* [About this exercise]: The lines from the top of the material through the line with "QQ多账号一键登录工具 V4.6 简体中文绿色免费版" are to be set down exactly. Leave the pictures out.

* [Provided data]:
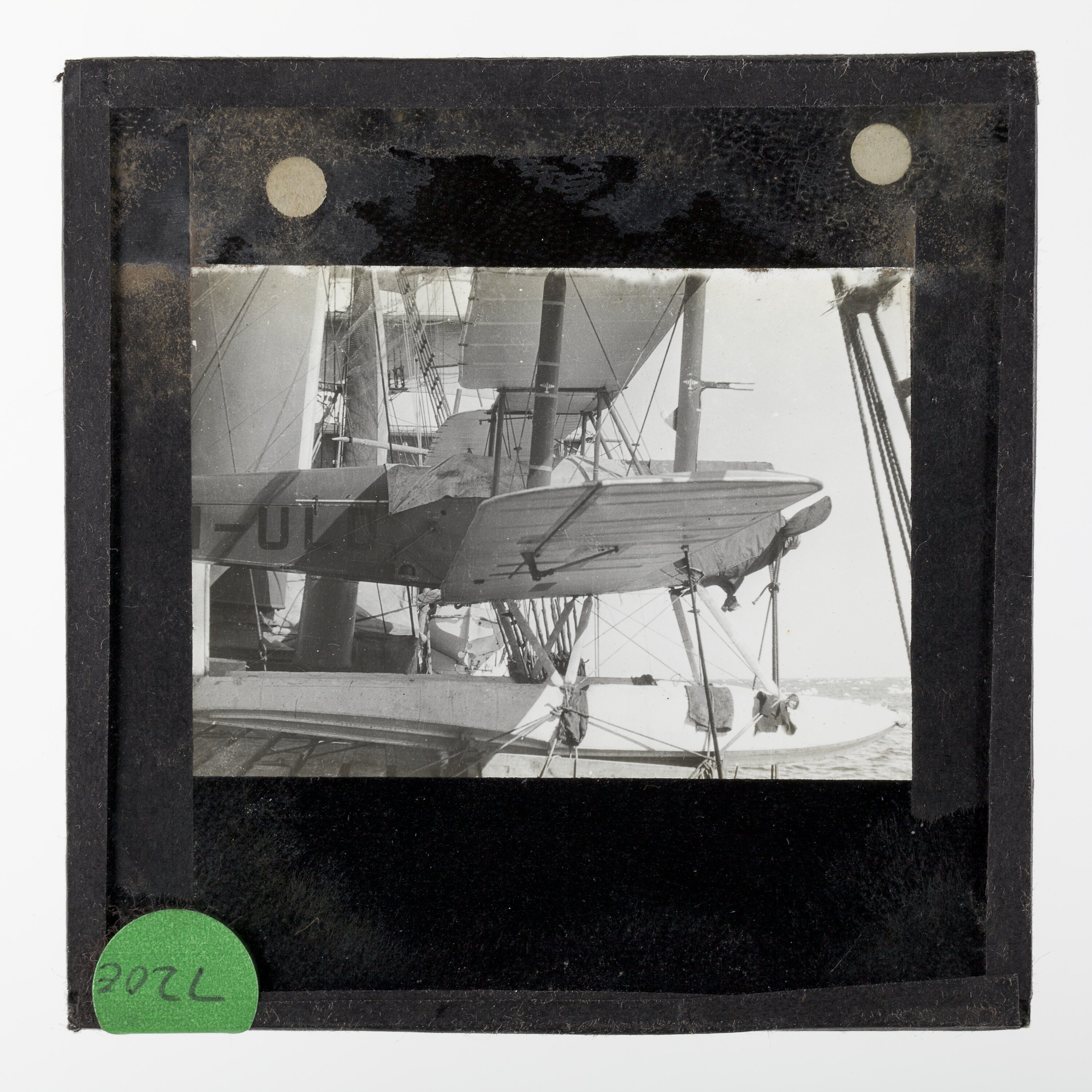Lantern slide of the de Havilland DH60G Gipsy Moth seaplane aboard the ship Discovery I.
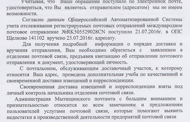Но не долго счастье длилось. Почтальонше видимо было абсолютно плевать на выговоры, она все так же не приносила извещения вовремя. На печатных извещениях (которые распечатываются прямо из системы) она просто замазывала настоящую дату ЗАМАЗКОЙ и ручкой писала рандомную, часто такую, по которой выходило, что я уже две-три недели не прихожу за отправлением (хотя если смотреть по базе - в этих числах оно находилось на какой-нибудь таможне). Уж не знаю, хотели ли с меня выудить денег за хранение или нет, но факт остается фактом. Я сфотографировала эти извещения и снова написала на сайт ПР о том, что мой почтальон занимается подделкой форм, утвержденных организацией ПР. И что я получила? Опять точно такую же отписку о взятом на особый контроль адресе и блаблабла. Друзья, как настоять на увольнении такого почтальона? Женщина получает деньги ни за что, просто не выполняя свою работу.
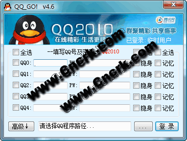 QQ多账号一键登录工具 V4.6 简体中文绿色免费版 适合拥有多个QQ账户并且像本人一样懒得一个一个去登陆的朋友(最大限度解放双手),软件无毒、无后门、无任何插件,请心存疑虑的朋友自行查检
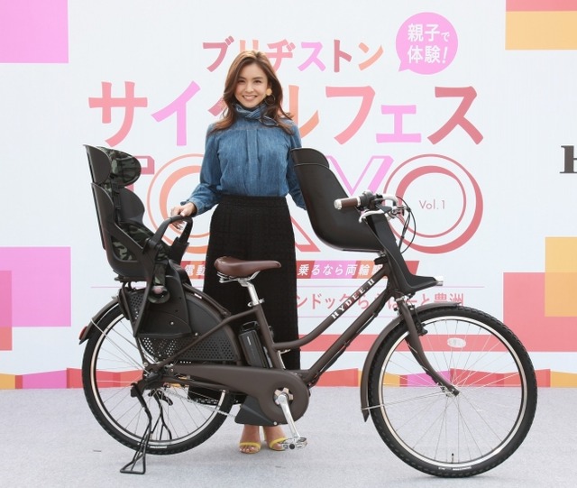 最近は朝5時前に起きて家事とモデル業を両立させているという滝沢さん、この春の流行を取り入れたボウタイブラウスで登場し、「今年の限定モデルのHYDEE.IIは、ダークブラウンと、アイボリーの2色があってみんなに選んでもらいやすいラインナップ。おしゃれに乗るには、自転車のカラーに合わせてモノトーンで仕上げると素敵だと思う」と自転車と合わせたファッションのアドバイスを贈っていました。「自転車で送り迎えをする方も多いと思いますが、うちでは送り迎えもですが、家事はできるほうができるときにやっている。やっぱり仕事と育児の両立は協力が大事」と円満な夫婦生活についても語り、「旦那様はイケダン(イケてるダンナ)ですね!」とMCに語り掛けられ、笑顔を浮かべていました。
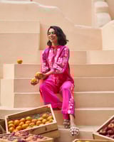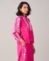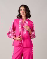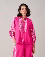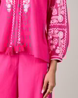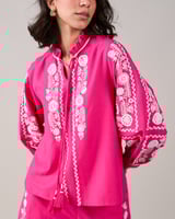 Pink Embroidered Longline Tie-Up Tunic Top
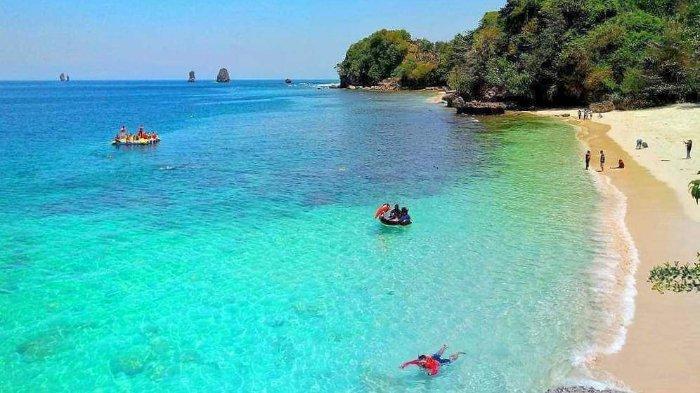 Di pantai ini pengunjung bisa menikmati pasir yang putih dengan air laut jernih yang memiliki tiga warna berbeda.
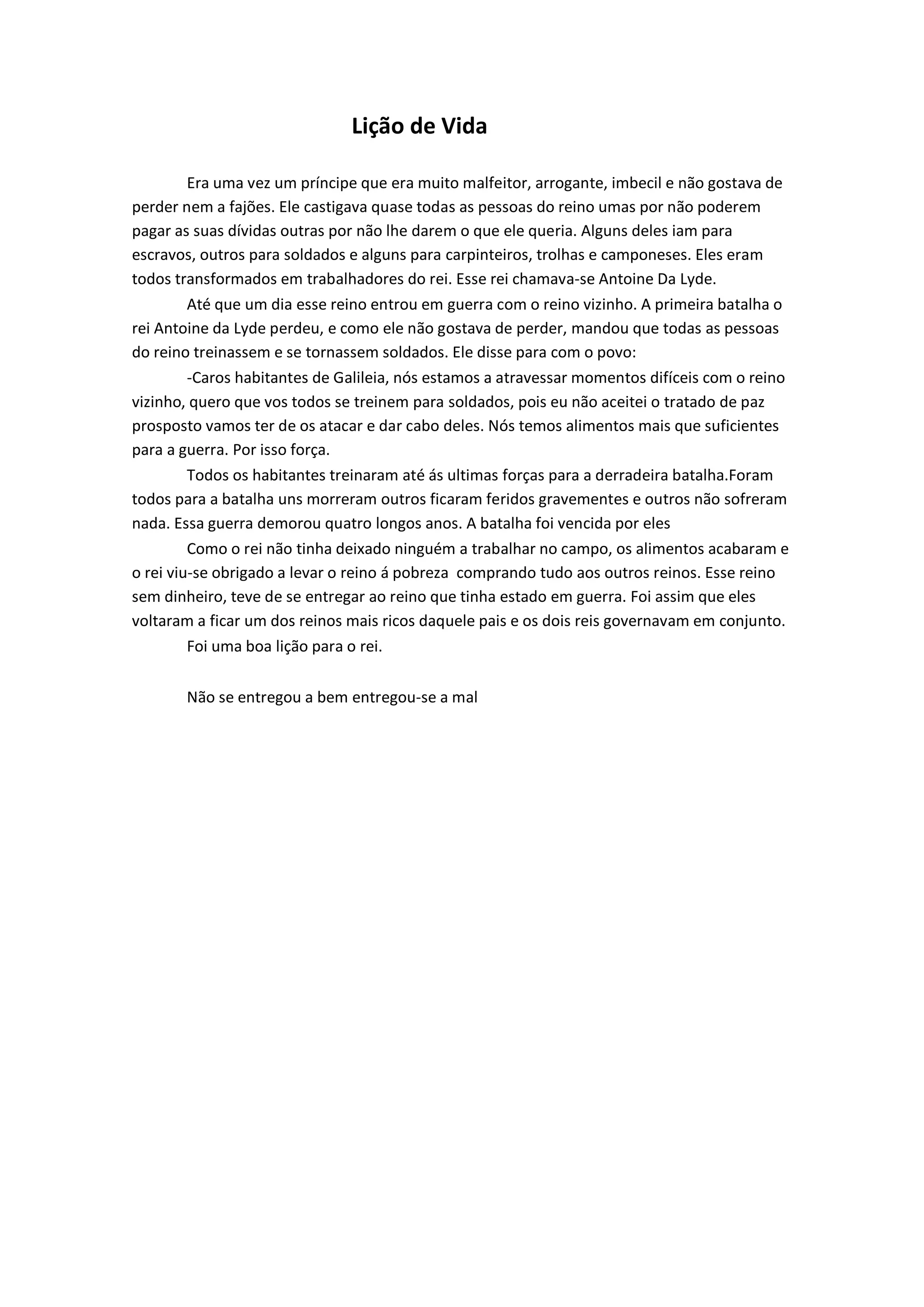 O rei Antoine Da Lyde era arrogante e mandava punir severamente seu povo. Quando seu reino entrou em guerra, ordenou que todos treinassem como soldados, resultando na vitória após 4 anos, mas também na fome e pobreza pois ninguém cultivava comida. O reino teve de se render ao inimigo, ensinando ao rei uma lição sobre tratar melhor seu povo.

* [Result for this task]:
Lantern slide of the de Havilland DH60G Gipsy Moth seaplane aboard the ship Discovery I.
Но не долго счастье длилось. Почтальонше видимо было абсолютно плевать на выговоры, она все так же не приносила извещения вовремя. На печатных извещениях (которые распечатываются прямо из системы) она просто замазывала настоящую дату ЗАМАЗКОЙ и ручкой писала рандомную, часто такую, по которой выходило, что я уже две-три недели не прихожу за отправлением (хотя если смотреть по базе - в этих числах оно находилось на какой-нибудь таможне). Уж не знаю, хотели ли с меня выудить денег за хранение или нет, но факт остается фактом. Я сфотографировала эти извещения и снова написала на сайт ПР о том, что мой почтальон занимается подделкой форм, утвержденных организацией ПР. И что я получила? Опять точно такую же отписку о взятом на особый контроль адресе и блаблабла. Друзья, как настоять на увольнении такого почтальона? Женщина получает деньги ни за что, просто не выполняя свою работу.
 QQ多账号一键登录工具 V4.6 简体中文绿色免费版 适合拥有多个QQ账户并且像本人一样懒得一个一个去登陆的朋友(最大限度解放双手),软件无毒、无后门、无任何插件,请心存疑虑的朋友自行查检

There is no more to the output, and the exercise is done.